§ Given records
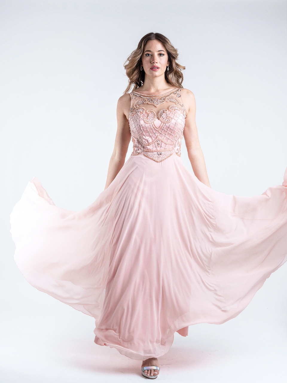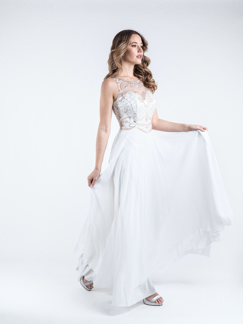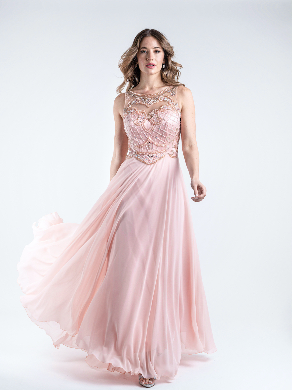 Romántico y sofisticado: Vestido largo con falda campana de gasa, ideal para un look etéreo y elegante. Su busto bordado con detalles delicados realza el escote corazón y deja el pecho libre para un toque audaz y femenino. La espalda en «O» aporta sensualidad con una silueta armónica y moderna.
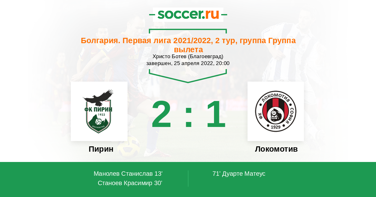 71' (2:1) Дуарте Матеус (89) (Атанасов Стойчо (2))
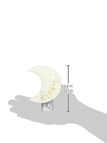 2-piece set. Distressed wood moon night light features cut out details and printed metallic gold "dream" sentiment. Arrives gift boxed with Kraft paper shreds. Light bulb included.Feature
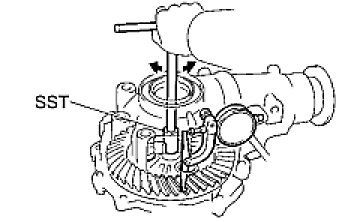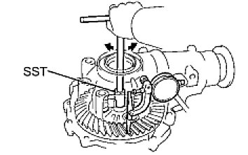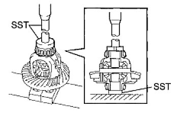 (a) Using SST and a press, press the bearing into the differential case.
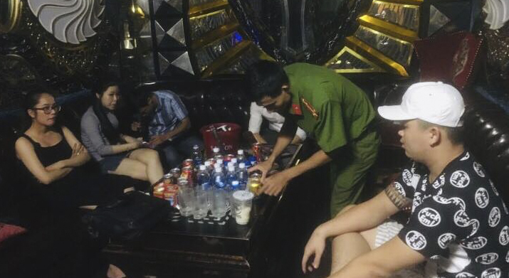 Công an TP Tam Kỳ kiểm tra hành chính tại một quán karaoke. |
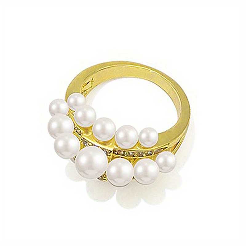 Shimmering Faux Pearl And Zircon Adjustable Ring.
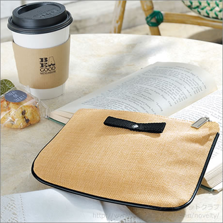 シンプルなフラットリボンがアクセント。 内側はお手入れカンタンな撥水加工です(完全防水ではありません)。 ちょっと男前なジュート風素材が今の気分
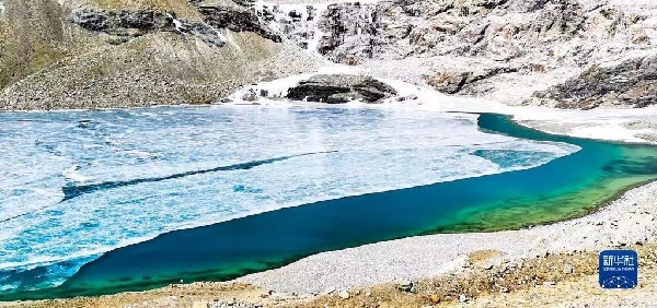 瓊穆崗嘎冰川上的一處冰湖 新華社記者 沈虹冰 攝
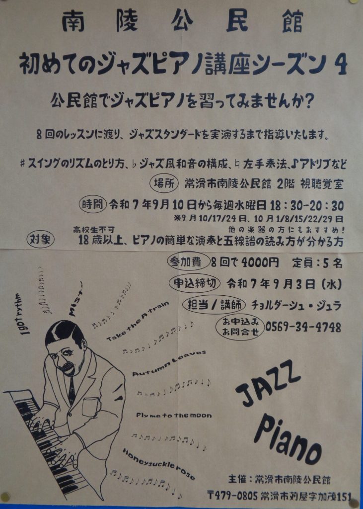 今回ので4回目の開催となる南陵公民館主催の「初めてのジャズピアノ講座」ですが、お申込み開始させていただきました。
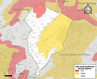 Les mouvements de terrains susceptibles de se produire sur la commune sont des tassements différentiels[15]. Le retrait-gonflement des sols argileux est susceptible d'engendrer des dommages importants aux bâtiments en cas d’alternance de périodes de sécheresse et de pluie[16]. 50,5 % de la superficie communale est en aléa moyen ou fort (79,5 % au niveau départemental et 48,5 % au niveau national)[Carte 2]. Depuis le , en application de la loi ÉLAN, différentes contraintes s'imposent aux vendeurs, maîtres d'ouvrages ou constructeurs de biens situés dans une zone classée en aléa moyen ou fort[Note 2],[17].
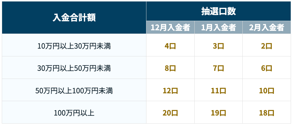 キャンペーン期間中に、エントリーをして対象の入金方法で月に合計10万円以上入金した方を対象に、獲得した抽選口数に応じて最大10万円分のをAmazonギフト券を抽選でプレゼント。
...
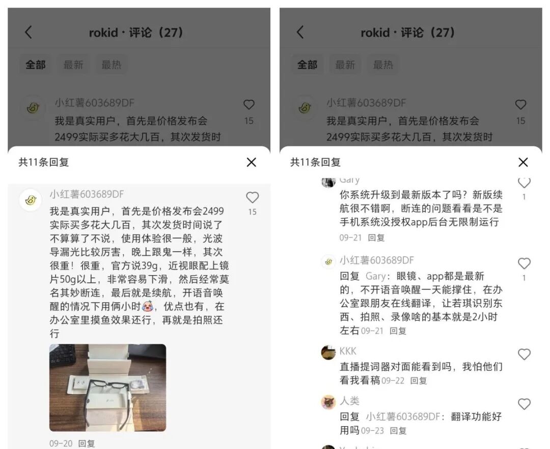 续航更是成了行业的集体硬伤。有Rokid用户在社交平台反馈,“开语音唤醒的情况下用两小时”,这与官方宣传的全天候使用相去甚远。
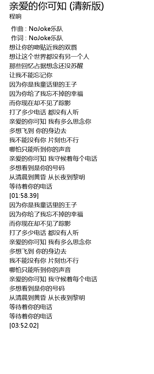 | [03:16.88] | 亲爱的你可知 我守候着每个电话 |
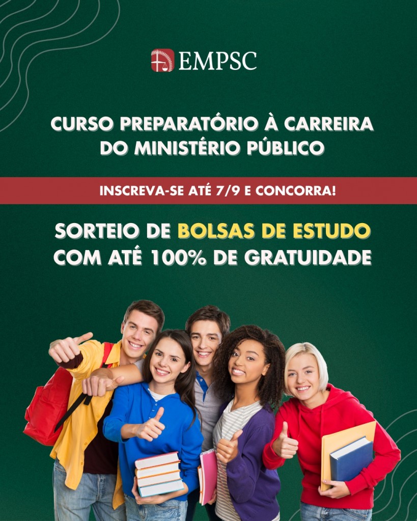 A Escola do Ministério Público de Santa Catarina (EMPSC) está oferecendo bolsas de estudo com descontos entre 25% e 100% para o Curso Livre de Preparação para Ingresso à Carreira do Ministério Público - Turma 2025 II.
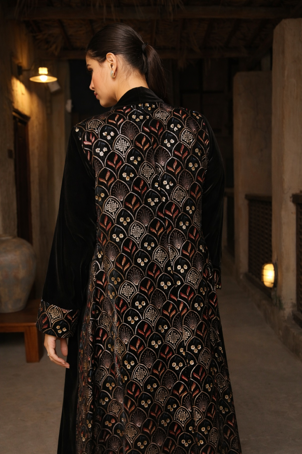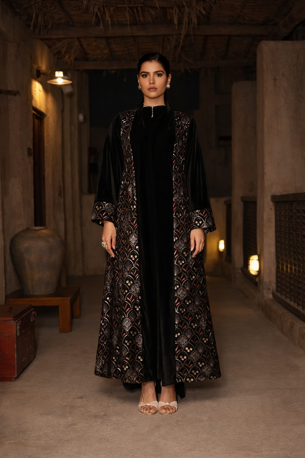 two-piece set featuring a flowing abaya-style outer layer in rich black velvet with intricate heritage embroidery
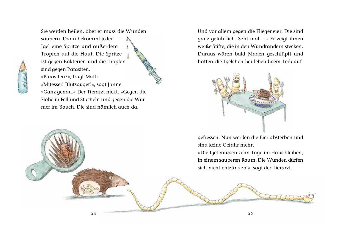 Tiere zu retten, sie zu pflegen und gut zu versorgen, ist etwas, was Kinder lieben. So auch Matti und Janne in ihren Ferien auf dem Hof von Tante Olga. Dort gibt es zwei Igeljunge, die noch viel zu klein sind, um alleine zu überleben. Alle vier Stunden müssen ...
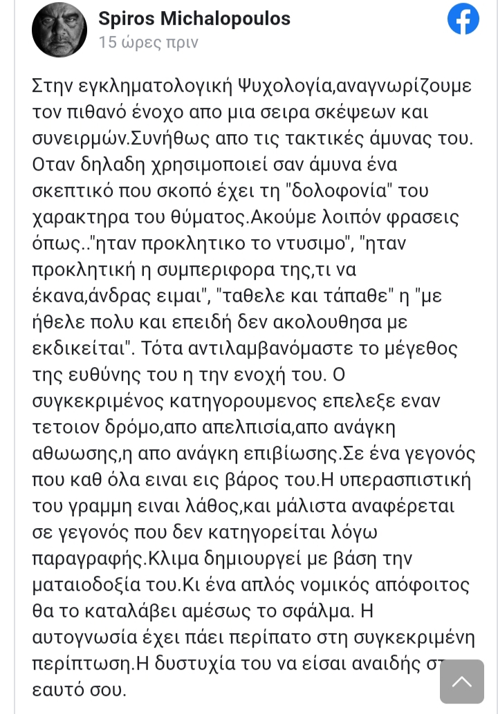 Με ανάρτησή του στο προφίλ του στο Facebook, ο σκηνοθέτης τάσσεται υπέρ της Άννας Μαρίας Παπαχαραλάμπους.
--
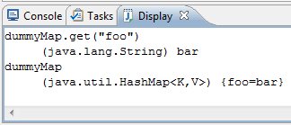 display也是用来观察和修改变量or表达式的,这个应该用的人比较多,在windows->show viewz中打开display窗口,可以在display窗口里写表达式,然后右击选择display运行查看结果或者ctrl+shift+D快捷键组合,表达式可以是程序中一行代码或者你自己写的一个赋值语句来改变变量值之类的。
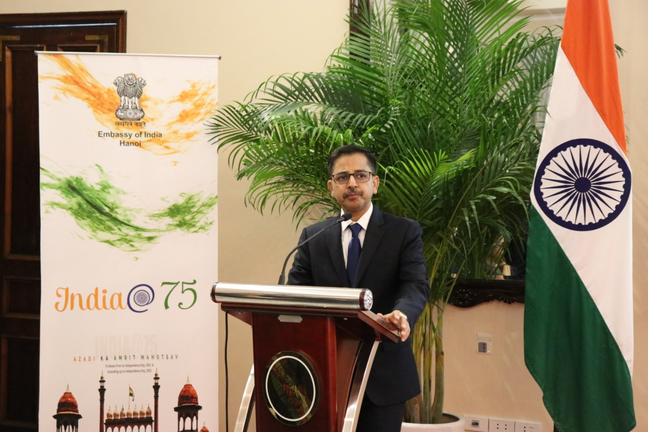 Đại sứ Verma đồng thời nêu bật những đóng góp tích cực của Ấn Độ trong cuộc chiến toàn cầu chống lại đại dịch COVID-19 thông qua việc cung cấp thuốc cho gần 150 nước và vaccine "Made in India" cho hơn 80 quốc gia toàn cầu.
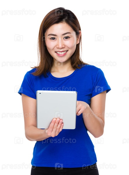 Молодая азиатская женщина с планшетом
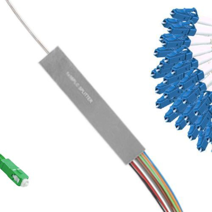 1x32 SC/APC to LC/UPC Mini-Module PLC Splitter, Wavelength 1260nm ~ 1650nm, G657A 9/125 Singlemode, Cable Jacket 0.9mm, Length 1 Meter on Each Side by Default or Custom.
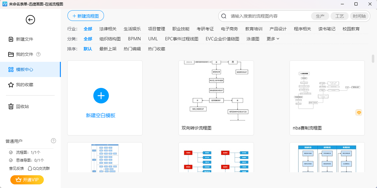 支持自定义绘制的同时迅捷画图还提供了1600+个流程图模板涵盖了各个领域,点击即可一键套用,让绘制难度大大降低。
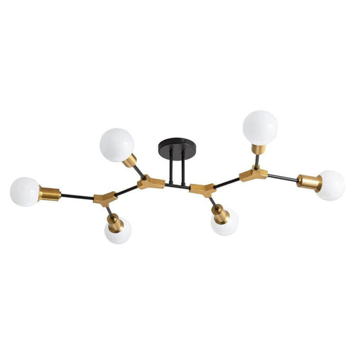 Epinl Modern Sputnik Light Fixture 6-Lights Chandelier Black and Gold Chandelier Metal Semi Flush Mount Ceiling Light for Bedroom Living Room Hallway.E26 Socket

§ What to work on
Leave the pictures out. Output, exactly, the lines of the material above starting at the line containing "Romántico y sofisticado: Vestido" and ending at the line containing "2-piece set. Distressed".

§ Answer box
 Romántico y sofisticado: Vestido largo con falda campana de gasa, ideal para un look etéreo y elegante. Su busto bordado con detalles delicados realza el escote corazón y deja el pecho libre para un toque audaz y femenino. La espalda en «O» aporta sensualidad con una silueta armónica y moderna.
 71' (2:1) Дуарте Матеус (89) (Атанасов Стойчо (2))
 2-piece set. Distressed wood moon night light features cut out details and printed metallic gold "dream" sentiment. Arrives gift boxed with Kraft paper shreds. Light bulb included.Feature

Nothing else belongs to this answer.